Atacante turbina ambição do clube pela Champions League e o mercado brasileiro, enquanto magnatas do Catar garantem que a fortuna despejada em Paris não tem prazo de validade

Neymar PSG Guingamp
Neymar é apresentado aos torcedores do PSG. REUTERS

No portão principal do centro de treinamento do Paris Saint-Germain, o escudo do clube divide espaço com o lema adotado após ter sido adquirido por magnatas do Catar: Revons Plus Grand – em livre tradução do francês, “sonhe mais alto”. Ao desembolsar 222 milhões de euros (821 milhões de reais) para contratar Neymar, que estreia neste domingo contra o Guingamp, o PSG incorporou o personagem principal ao roteiro que só admite um cenário como grand finale: a taça da Champions League. Obsessão dos donos do time parisiense, a maior competição entre clubes do mundo é o sonho que norteia cada movimento, cada jogada e cada centavo despendido pela investida catari, assentada na certeza de que seria possível conquistar a Europa apenas torrando dinheiro em contratações milionárias.

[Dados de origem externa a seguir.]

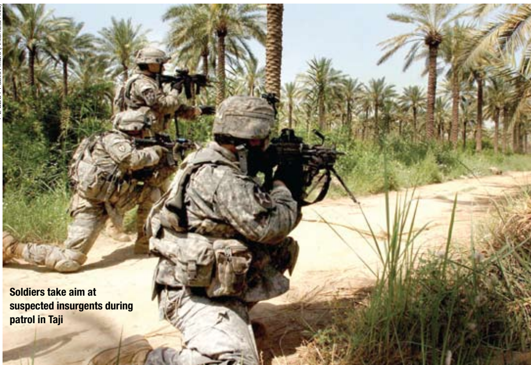
Soldiers take aim at suspected insurgents during patrol in Taji

4-2 SBCT Public Affairs (Antonietta Pico)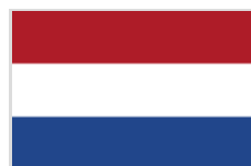
Government of Netherlands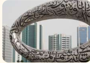
Museum of Future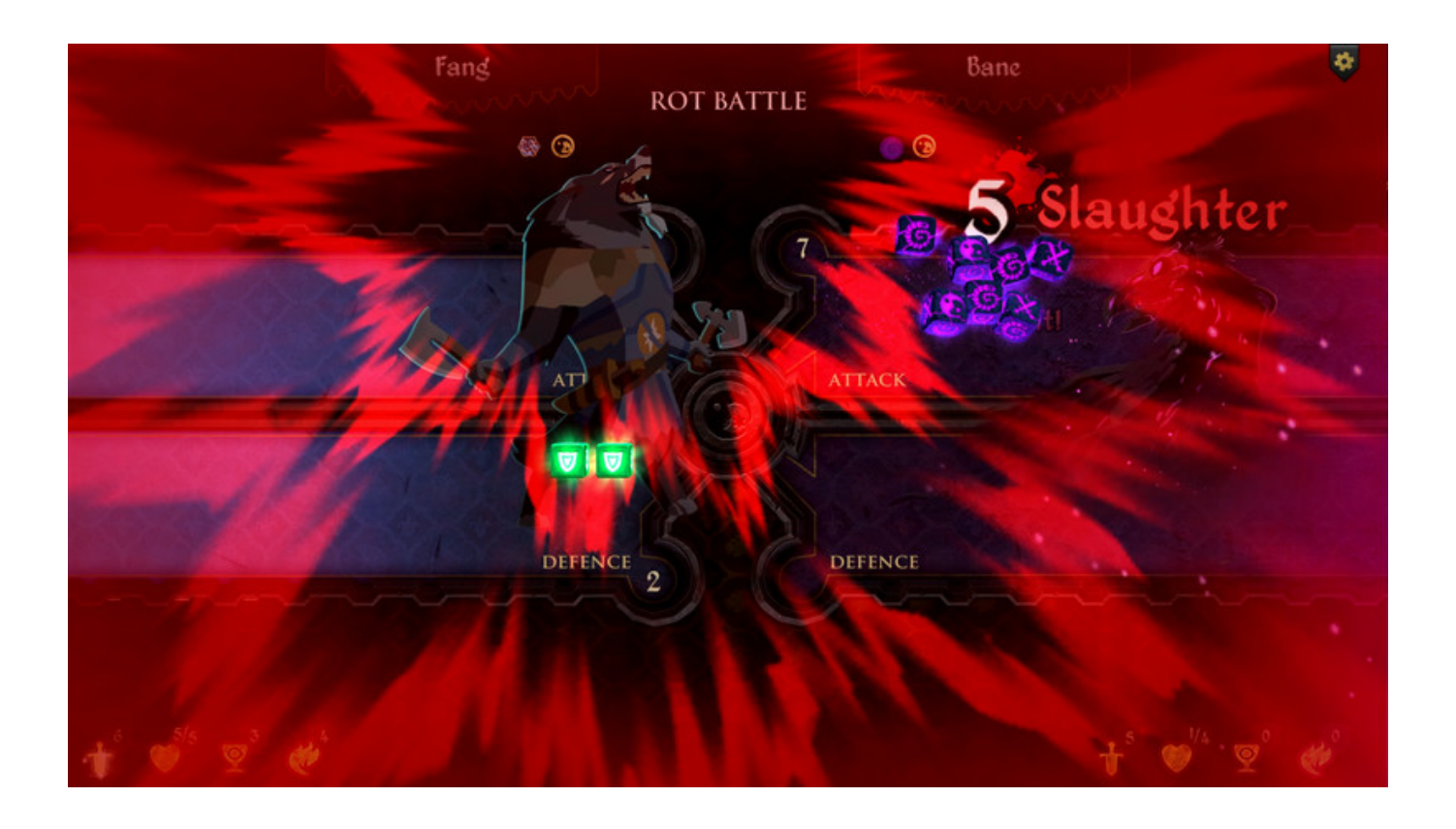
Armello - Rivals Hero Pack Download For Windows 10

Download >>> <a href="http://bit.ly/2JZf2UQ">http://bit.ly/2JZf2UQ</a>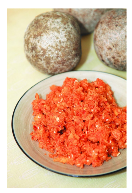
Spicy Divul Sambol is a fine island delicacy.

The divul can be tried out in various sweet, sour, or savory combinations. Culinary styles have experimented with it using salads, and their juicy texture makes them fabulous for preparing jams and chutneys. The more pungent the smell of the fruit is a sign that the fruit is ripe and ready to eat. The fruit is rich in anti-microbial properties, carbohydrates, calcium, Vitamin C, iron, phosphorus, and other minerals. It is an excellent source of energy too. This highly nutritious fruit can cure digestive disorders, sore throats, and gum ailments.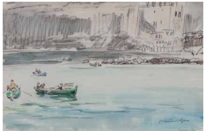
162 SIR MUIRHEAD BONE HRSA HRWS HARIBA HRE LLB D LITT (BRITISH, 1867-1953) AR Sorrento signed and inscribed, watercolour and pencil, 13 x 20.5cm (5 1/8 x 8 1/16in). £200 - 300 €240 - 360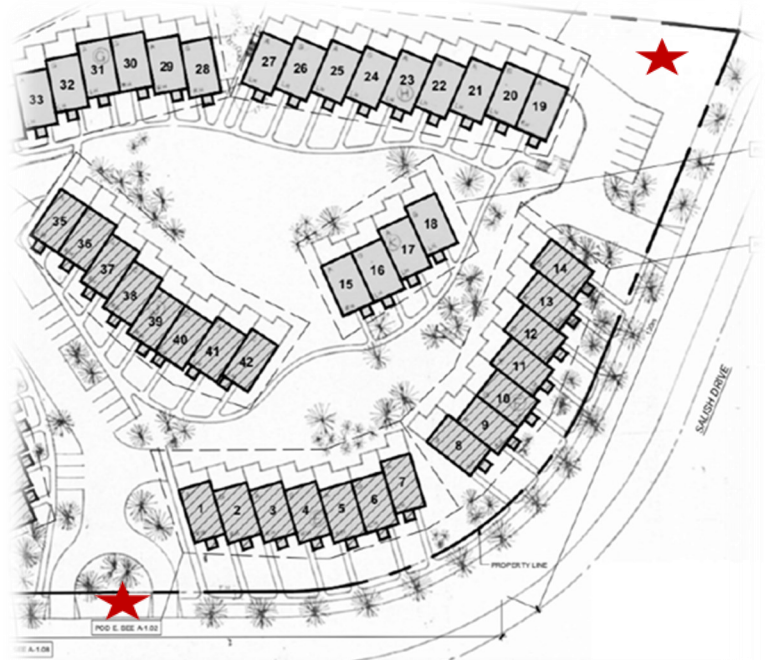
★ Site Plan showing approximate locations of new Shalimar Signage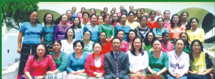
Kolasib Hmarveng Bial Leadership training leh Kristian Chhungkaw campaign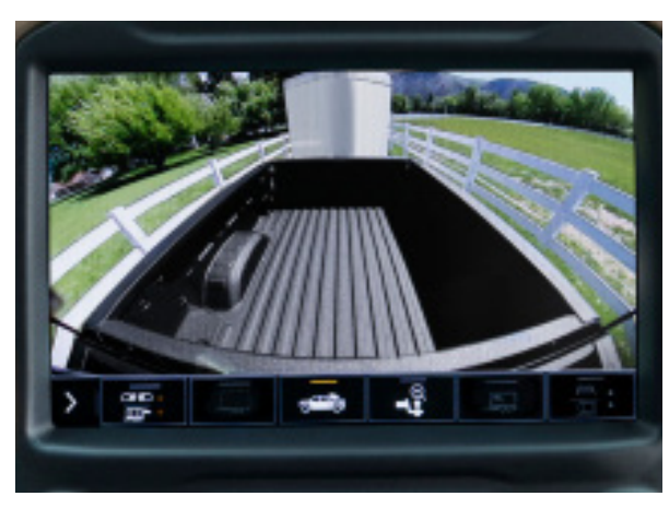
Bed View <sup>1</sup> Allows you to see the cargo bed to help with fifth-wheel or gooseneck hitching or to briefly check on cargo.

Em 2011, o Qatar Sports Investment, um fundo capitaneado pela família real do país árabe, comprou o decadente PSG por 70 milhões de euros. Embora quem apareça sorridente ao lado de Neymar e de todos os craques já apresentados pelo clube desde então seja o presidente Nasser Al-Khelaifi, um ex-jogador profissional de tênis que dirigiu por muitos anos a TV Al-Jazeera, outra propriedade do governo catari, o verdadeiro dono do time de Paris é o xeque Tamim Al-Thani, atual emir do Catar. Por indicação do ex-presidente francês Nicolas Sarkozy, torcedor do Paris Saint-Germain, o xeque resolveu despejar centenas de milhares de euros em reforços logo nas primeiras temporadas de investimento. Sua meta de curto prazo era clara: acabar com o jejum de títulos que assombrava o PSG. A última conquista importante havia sido o Campeonato Francês de 1994.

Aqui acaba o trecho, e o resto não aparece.